Round the mean image to integers and return it in the uint8
type.
from PIL import Image
initial_char1 = "R"
initialMean1 = compute_letter_mean(initial_char1, alphabet, images, labels)
Image.fromarray(initialMean1, mode='L').save("initial1_mean.png")
initial_char2 = "A"
initialMean2 = compute_letter_mean(initial_char2, alphabet, images, labels)
Image.fromarray(initialMean2, mode='L').save("initial2_mean.png")
plt.figure(figsize=(3, 3))
plt.title(initial_char1 + " mean")
plt.imshow(initialMean1, cmap='gray')
plt.figure(figsize=(3, 3))
plt.title(initial_char2 + " mean")
plt.imshow(initialMean2, cmap='gray')
plt.show()
Simple visual feature¶
Complete the function for the feature computation compute_lr_features
. It should compute the features (from images) for all occurrences of a given letter. For a single image, the feature is defined as:
x = sum of pixel values in the left half of image - sum of pixel values in the right half of image
You may think of it as a simple 1D representation of the multi-dimensional image.
Warning: The images are stored in unsigned type (uint8), make sure to convert the values to suitable signed type before doing the subtraction, e.g. np.int32(sum_left) - np.int32(sum_right)
.
For reference the following feature vector was computed for letter A:
letter_char = 'A'
lr_features = compute_lr_features(letter_char, alphabet, images, labels)
np.testing.assert_equal(lr_features,
np.array([ 120 , 1223 , -144 , -161 , 197 , -2921 , -998 , -944 , -120 , -304 , -884 ,-1461 ,
-1233, 1444, 1705, 1332, 881, 212, 92, 319, -3104, -2829, 255, 1,
-1763, 2230, 1916, -335, -257, -3568, -5204, -1144, -641, 525, 182, -768,
-844, 1536, 1139, 522, 495, 353, -251, 1345, 439, 1114, -2087, -107,
-563, 1491, -1935, -1640, 1979, 2215, 906, 1726, 1332, 365, 825, 2776,
1282, 708, 1010, 429, 1141, 1145, 1896, 7, -642, -657, 36, 368,
1079, 79, -483, 327, -135, 888, 2270, 2211, 3860, 1248, 1371, -857,
100, -134, -946, 1954, 1979, -1575, -837, 1363, 803, 546, -1916, -1808,
370, -435, -363, 497]),
"The lr_features are incorrect!")
Feature histogram¶
Plot a histograms of the feature values computed from your initials over the whole dataset into one figure. You should see the difference for two different letters.

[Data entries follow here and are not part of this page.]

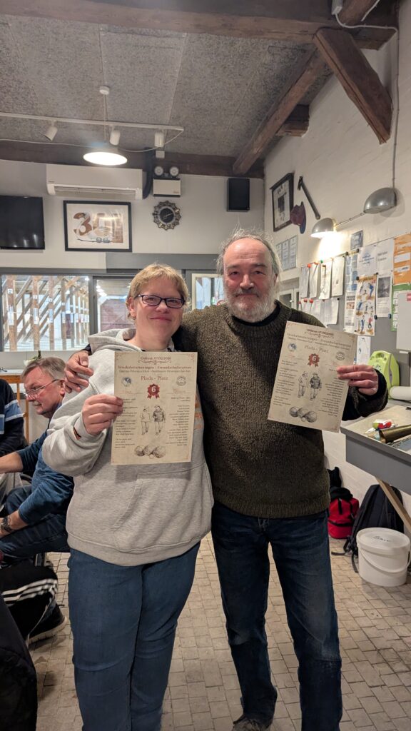 Niko und André Lück (Up’n Swutsch Oldersbek) schafften es nach fünf frei gelosten Runden auf das Siegertreppchen. 30 Teams waren am 23.8. angetreten, aus Kiel waren noch Bianca u. Michi dabei.
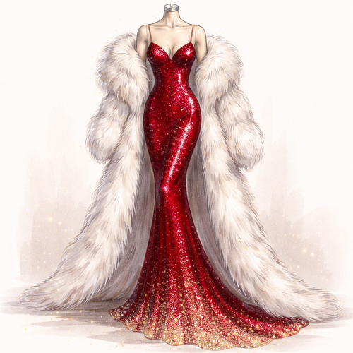 Create a sketch of a mannequin wearing a red long sequenced dress with a hint of soft gold glitter and fur coat wrapped ...
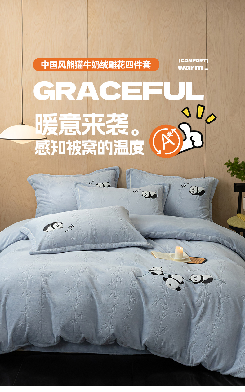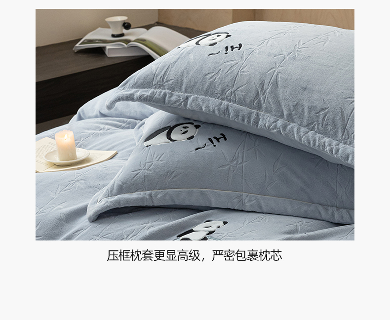 桃子家居 2024新款A类烂花雕花贴布绣刺绣轻奢一字绣压框枕套中国风熊猫牛奶绒四件套 绒刺绣-熊猫墨竹蓝
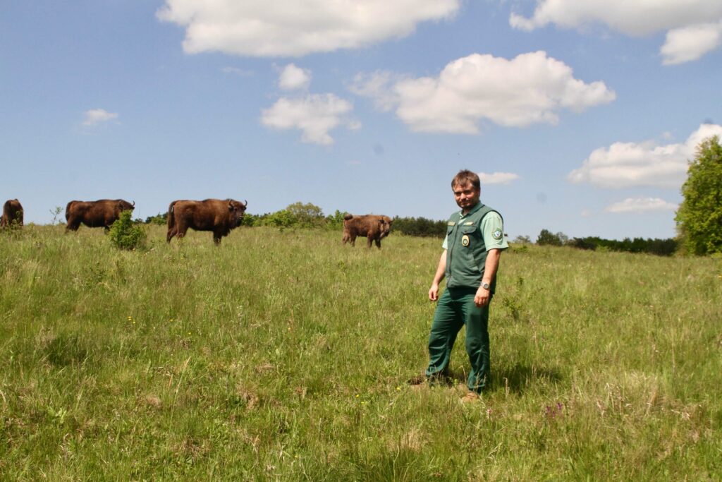 As a small child, I often went to the field with my grandfather, who was a shepherd, to work with animals, especially sheep and cows. I loved livestock and wildlife. After studying biology, I wanted to become a ranger. But there are only 200 to 250 ranger positions in Hungary, so you have to wait a long time. So I continued as a PhD student. After I finished, I finally saw an advert for a ranger position. I gave it a go – and became a ranger in Őrség National Park almost eleven years ago. It’s my dream job! Our bison project started in 2017 and I got involved in 2019 when 90 hectares in my ranger district were designated as rewilding area.
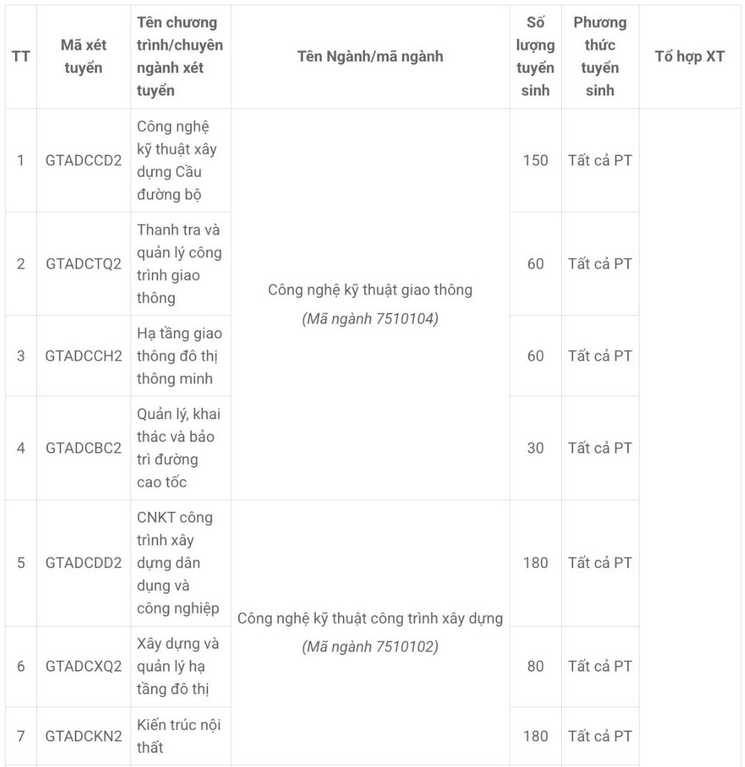 Đối với Trường Đại học Công nghệ Giao thông vận tải, một số ngành đào tạo xét tuyển bằng tổ hợp D07 (Toán, Hóa, tiếng Anh) như: Công nghệ kỹ thuật giao thông, Công nghệ kỹ thuật công trình xây dựng, Công nghệ kỹ thuật ô tô, Công nghệ kỹ thuật cơ khí, Kinh tế xây dựng, Công nghệ kỹ thuật môi trường, Công nghệ kỹ thuật cơ điện tử, Công nghệ thông tin...

Save the figure as initials_histograms.png
.
The code for plotting the histograms is already prepared for you in plot_letter_feature_histogram(features_1, features_2, letters)
.
Look at the generated histogram image. Do the histogram plots make sense? Could you recognize the letter only by looking at its lr_histogram
?
features_1 = compute_lr_features(initial_char1, alphabet, images, labels)

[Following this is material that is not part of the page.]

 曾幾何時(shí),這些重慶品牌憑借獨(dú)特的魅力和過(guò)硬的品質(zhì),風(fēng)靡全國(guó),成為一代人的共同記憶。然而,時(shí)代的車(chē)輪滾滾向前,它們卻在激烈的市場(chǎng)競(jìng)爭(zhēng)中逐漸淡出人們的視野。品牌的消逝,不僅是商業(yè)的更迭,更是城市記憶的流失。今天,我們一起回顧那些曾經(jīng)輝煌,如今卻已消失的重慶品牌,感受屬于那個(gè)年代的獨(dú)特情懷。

features_2 = compute_lr_features(initial_char2, alphabet, images, labels)
plot_letter_feature_histogram(features_1, features_2, [initial_char1, initial_char2], n_bins=20)
plt.savefig("initials_histograms.png")
Submission to the BRUTE Upload System¶
To fulfill this assignment, you need to submit these files (all packed in one ''.zip'' file) into the upload system:
basics.ipynb
- a script for data initialisation, calling of the implemented functions and plotting of their results (for your convenience, will not be checked).basics.py
- file with implemented methods:matrix_manip
- a method implementing the matrix manipulation tasks specified in the section 1.3 Matrix manipulationcompute_letter_mean
andcompute_lr_features
- methods specified in the section 1.4 Simple data task
initial1_mean.png
,initial2_mean.png
andinitials_histograms.png
- images specified in the section 1.4 Simple data task
When preparing a zip file for the upload system, do not include any directories, the files have to be in the zip file root.